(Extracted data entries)
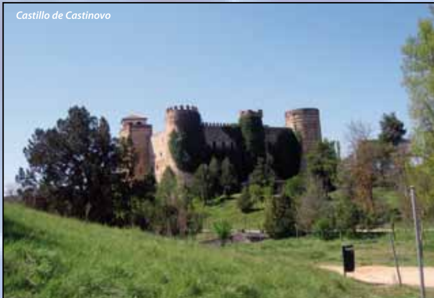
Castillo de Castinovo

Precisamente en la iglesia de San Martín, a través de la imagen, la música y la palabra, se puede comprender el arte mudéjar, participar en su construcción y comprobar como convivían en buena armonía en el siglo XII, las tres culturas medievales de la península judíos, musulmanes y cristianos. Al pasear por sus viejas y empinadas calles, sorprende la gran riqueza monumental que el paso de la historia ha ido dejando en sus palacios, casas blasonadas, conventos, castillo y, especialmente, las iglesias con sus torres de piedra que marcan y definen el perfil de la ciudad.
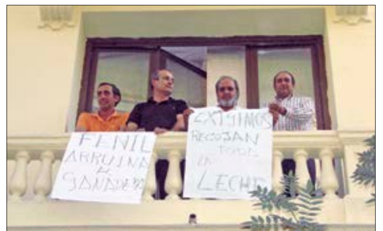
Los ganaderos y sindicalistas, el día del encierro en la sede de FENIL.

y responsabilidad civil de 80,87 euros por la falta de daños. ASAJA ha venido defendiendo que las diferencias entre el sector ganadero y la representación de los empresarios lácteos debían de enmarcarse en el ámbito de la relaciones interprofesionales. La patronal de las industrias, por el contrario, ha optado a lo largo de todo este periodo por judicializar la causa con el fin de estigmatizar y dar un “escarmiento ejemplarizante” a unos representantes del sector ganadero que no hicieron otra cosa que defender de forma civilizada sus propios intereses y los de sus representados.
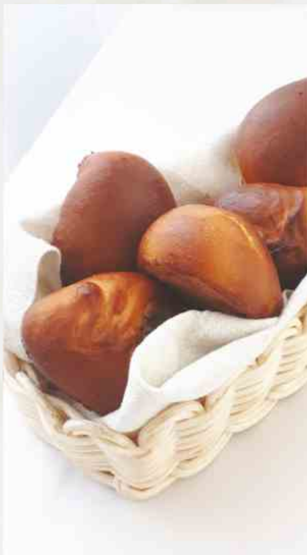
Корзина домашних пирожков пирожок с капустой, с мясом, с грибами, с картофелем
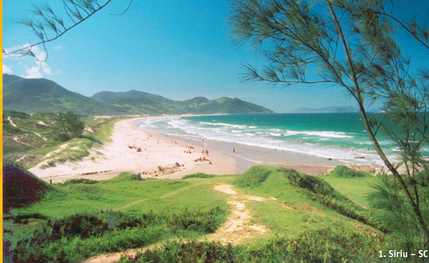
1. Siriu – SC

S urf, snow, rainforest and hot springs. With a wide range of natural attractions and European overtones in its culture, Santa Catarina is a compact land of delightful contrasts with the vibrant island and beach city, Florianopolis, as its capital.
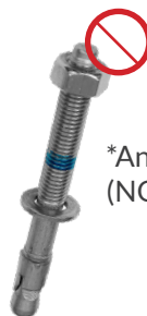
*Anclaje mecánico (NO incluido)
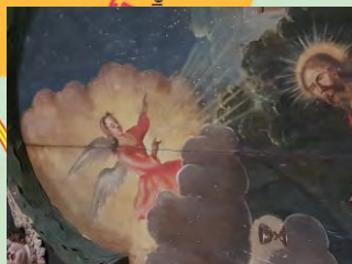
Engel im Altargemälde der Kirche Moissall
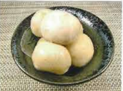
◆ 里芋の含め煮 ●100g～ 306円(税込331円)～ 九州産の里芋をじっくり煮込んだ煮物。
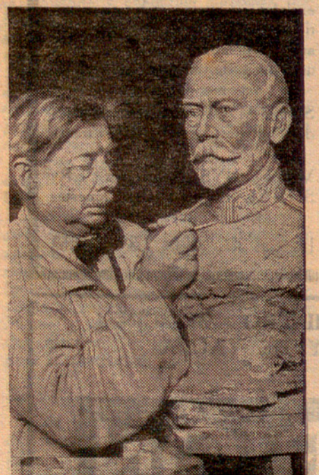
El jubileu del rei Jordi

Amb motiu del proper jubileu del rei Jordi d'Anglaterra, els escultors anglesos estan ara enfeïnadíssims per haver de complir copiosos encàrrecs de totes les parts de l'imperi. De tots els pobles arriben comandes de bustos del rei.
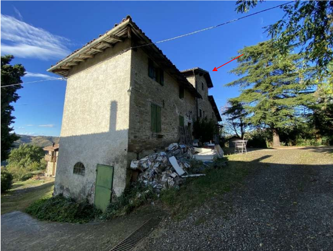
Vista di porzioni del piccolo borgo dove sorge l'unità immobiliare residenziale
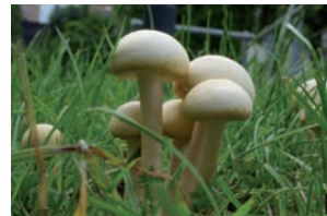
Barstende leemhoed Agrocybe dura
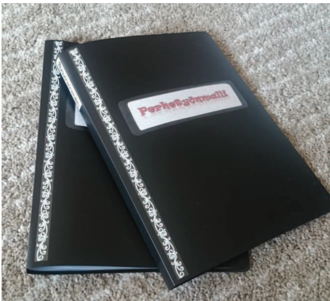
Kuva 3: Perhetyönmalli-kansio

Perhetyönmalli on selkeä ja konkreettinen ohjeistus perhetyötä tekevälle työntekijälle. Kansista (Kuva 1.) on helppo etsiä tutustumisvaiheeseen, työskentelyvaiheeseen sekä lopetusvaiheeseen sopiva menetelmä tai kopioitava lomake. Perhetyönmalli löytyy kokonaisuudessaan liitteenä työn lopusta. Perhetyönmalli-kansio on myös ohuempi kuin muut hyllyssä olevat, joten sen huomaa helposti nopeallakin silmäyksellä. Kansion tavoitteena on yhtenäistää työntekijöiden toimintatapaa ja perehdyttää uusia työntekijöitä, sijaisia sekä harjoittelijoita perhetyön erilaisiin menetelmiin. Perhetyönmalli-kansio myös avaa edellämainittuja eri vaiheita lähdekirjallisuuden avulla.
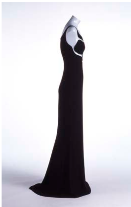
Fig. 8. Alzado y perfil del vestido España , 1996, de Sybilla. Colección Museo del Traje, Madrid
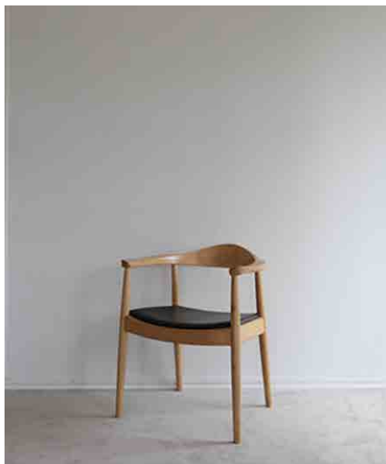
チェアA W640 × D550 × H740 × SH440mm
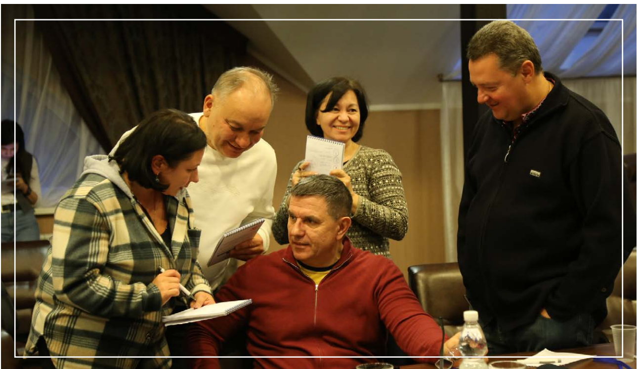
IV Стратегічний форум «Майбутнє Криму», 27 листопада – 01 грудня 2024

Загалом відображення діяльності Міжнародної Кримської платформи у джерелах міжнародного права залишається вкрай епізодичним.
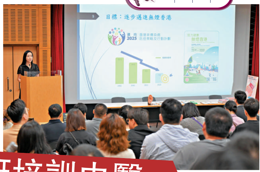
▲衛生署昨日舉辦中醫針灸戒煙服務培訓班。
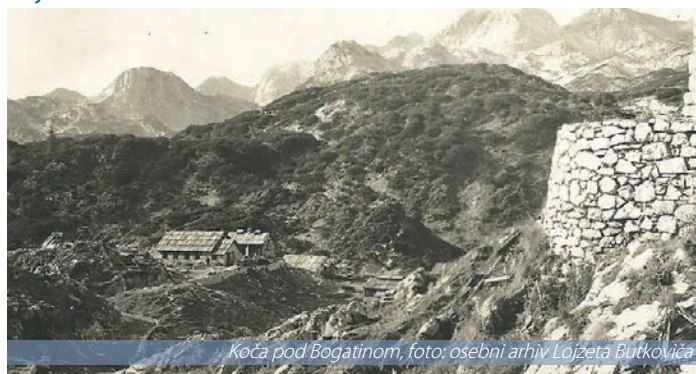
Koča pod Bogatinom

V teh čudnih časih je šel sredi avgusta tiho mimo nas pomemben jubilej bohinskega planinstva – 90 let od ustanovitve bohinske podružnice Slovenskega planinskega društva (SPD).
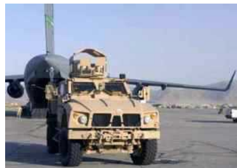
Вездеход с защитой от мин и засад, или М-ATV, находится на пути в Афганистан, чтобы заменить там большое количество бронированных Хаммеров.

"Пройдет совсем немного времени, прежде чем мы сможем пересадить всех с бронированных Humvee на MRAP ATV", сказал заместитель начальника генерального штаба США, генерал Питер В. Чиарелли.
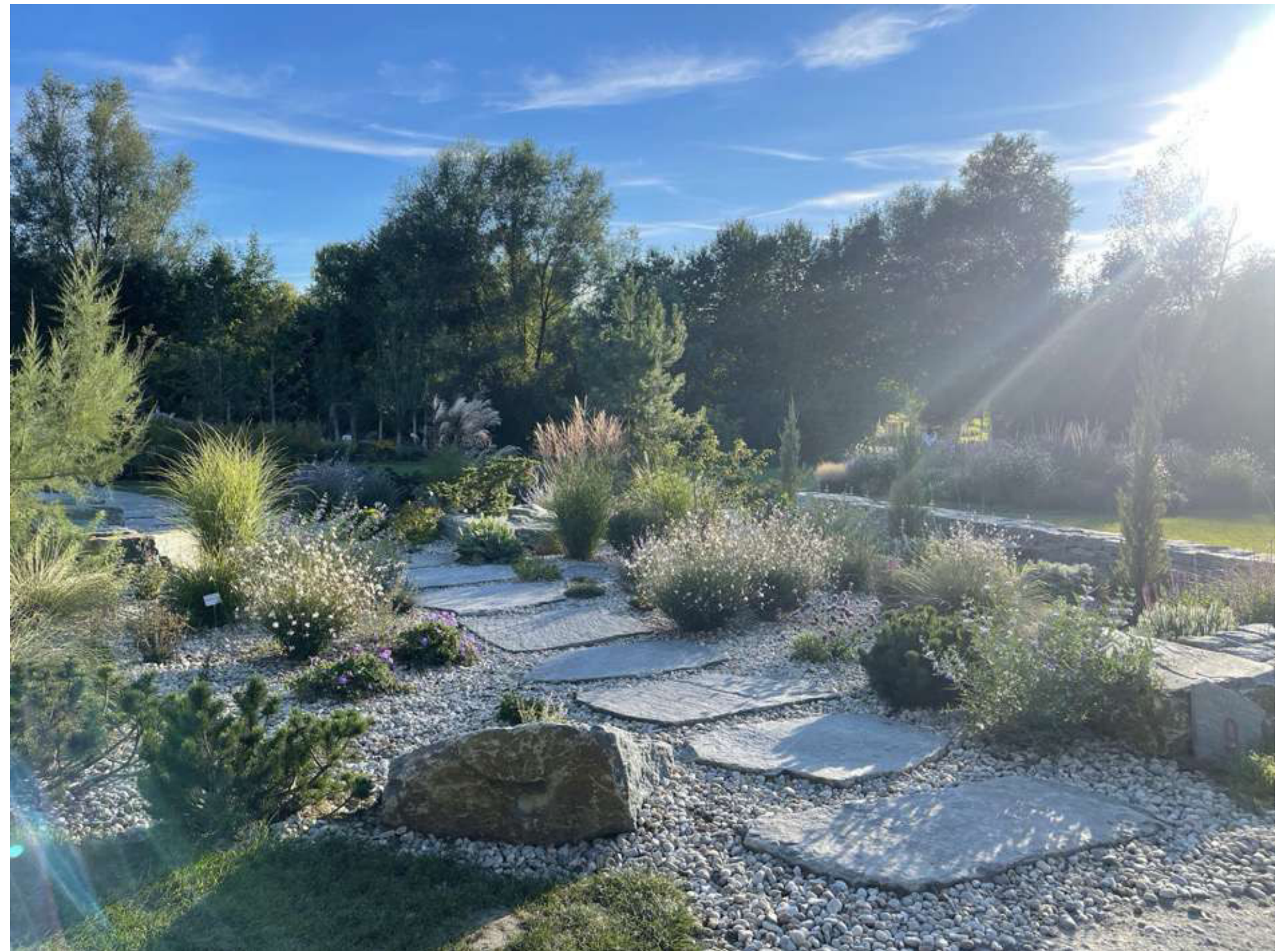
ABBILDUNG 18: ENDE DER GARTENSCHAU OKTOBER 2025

- [TASK ITEM] Each record above, in full: return it exactly, pictures excluded.

- [YOUR RESPONSE]
Castillo de Castinovo

Precisamente en la iglesia de San Martín, a través de la imagen, la música y la palabra, se puede comprender el arte mudéjar, participar en su construcción y comprobar como convivían en buena armonía en el siglo XII, las tres culturas medievales de la península judíos, musulmanes y cristianos. Al pasear por sus viejas y empinadas calles, sorprende la gran riqueza monumental que el paso de la historia ha ido dejando en sus palacios, casas blasonadas, conventos, castillo y, especialmente, las iglesias con sus torres de piedra que marcan y definen el perfil de la ciudad.
Los ganaderos y sindicalistas, el día del encierro en la sede de FENIL.

y responsabilidad civil de 80,87 euros por la falta de daños. ASAJA ha venido defendiendo que las diferencias entre el sector ganadero y la representación de los empresarios lácteos debían de enmarcarse en el ámbito de la relaciones interprofesionales. La patronal de las industrias, por el contrario, ha optado a lo largo de todo este periodo por judicializar la causa con el fin de estigmatizar y dar un “escarmiento ejemplarizante” a unos representantes del sector ganadero que no hicieron otra cosa que defender de forma civilizada sus propios intereses y los de sus representados.
Корзина домашних пирожков пирожок с капустой, с мясом, с грибами, с картофелем
1. Siriu – SC

S urf, snow, rainforest and hot springs. With a wide range of natural attractions and European overtones in its culture, Santa Catarina is a compact land of delightful contrasts with the vibrant island and beach city, Florianopolis, as its capital.
*Anclaje mecánico (NO incluido)
Engel im Altargemälde der Kirche Moissall
◆ 里芋の含め煮 ●100g～ 306円(税込331円)～ 九州産の里芋をじっくり煮込んだ煮物。
El jubileu del rei Jordi

Amb motiu del proper jubileu del rei Jordi d'Anglaterra, els escultors anglesos estan ara enfeïnadíssims per haver de complir copiosos encàrrecs de totes les parts de l'imperi. De tots els pobles arriben comandes de bustos del rei.
Vista di porzioni del piccolo borgo dove sorge l'unità immobiliare residenziale
Barstende leemhoed Agrocybe dura
Kuva 3: Perhetyönmalli-kansio

Perhetyönmalli on selkeä ja konkreettinen ohjeistus perhetyötä tekevälle työntekijälle. Kansista (Kuva 1.) on helppo etsiä tutustumisvaiheeseen, työskentelyvaiheeseen sekä lopetusvaiheeseen sopiva menetelmä tai kopioitava lomake. Perhetyönmalli löytyy kokonaisuudessaan liitteenä työn lopusta. Perhetyönmalli-kansio on myös ohuempi kuin muut hyllyssä olevat, joten sen huomaa helposti nopeallakin silmäyksellä. Kansion tavoitteena on yhtenäistää työntekijöiden toimintatapaa ja perehdyttää uusia työntekijöitä, sijaisia sekä harjoittelijoita perhetyön erilaisiin menetelmiin. Perhetyönmalli-kansio myös avaa edellämainittuja eri vaiheita lähdekirjallisuuden avulla.
Fig. 8. Alzado y perfil del vestido España , 1996, de Sybilla. Colección Museo del Traje, Madrid
チェアA W640 × D550 × H740 × SH440mm
IV Стратегічний форум «Майбутнє Криму», 27 листопада – 01 грудня 2024

Загалом відображення діяльності Міжнародної Кримської платформи у джерелах міжнародного права залишається вкрай епізодичним.
▲衛生署昨日舉辦中醫針灸戒煙服務培訓班。
Koča pod Bogatinom

V teh čudnih časih je šel sredi avgusta tiho mimo nas pomemben jubilej bohinskega planinstva – 90 let od ustanovitve bohinske podružnice Slovenskega planinskega društva (SPD).
Вездеход с защитой от мин и засад, или М-ATV, находится на пути в Афганистан, чтобы заменить там большое количество бронированных Хаммеров.

"Пройдет совсем немного времени, прежде чем мы сможем пересадить всех с бронированных Humvee на MRAP ATV", сказал заместитель начальника генерального штаба США, генерал Питер В. Чиарелли.
ABBILDUNG 18: ENDE DER GARTENSCHAU OKTOBER 2025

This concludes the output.